START Data shown

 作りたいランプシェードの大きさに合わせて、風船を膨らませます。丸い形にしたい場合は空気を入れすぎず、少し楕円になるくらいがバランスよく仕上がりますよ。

END Data shown
START Data shown

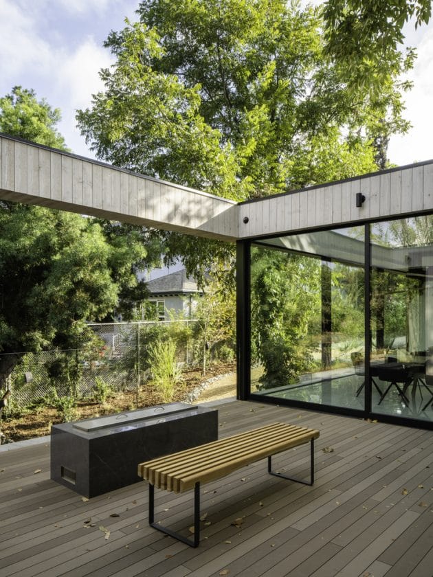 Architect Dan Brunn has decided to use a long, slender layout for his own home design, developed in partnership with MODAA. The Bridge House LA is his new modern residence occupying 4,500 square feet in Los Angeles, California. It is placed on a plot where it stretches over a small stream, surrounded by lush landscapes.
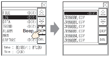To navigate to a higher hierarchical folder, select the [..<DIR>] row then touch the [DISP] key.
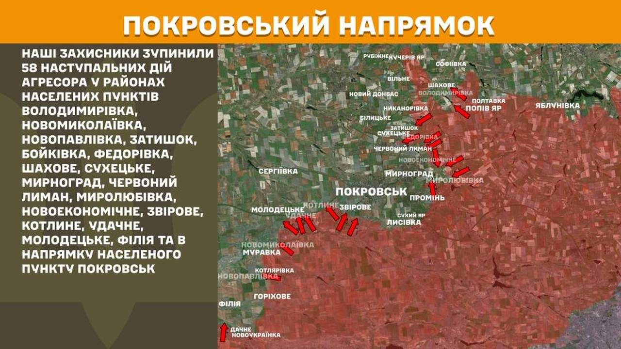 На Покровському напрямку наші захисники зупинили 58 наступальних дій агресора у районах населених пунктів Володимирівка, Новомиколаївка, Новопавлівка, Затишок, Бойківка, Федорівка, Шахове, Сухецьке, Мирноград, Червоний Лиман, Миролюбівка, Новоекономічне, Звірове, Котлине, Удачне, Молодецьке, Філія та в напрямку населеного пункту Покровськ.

END Data shown
START Data shown

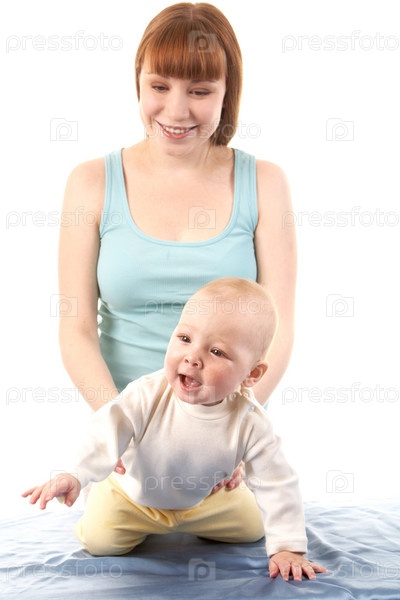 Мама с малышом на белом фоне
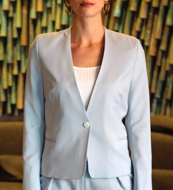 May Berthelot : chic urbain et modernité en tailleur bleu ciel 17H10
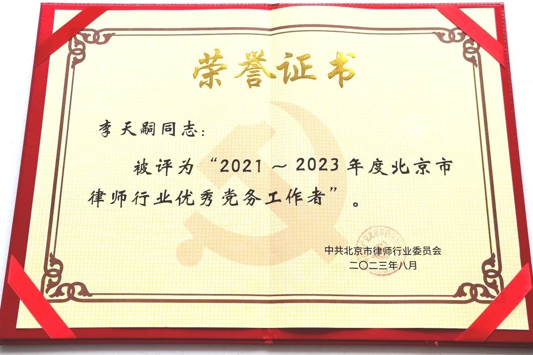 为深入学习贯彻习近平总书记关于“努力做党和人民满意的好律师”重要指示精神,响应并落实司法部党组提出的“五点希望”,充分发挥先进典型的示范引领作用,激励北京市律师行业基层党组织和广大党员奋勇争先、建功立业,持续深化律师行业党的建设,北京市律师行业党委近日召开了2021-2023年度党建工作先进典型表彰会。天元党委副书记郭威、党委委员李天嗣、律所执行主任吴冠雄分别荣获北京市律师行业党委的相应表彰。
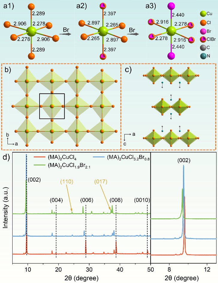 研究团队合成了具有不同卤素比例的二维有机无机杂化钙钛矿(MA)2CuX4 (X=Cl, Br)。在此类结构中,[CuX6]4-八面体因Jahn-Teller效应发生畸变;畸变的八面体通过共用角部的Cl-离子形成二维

END Data shown

How to complete this task ▸ In the listing above, find the line containing "To navigate to" and the line containing "На Покровському напрямку", then return both of them and every line between, exactly, without pictures.

Written answer ▸
To navigate to a higher hierarchical folder, select the [..<DIR>] row then touch the [DISP] key.
 На Покровському напрямку наші захисники зупинили 58 наступальних дій агресора у районах населених пунктів Володимирівка, Новомиколаївка, Новопавлівка, Затишок, Бойківка, Федорівка, Шахове, Сухецьке, Мирноград, Червоний Лиман, Миролюбівка, Новоекономічне, Звірове, Котлине, Удачне, Молодецьке, Філія та в напрямку населеного пункту Покровськ.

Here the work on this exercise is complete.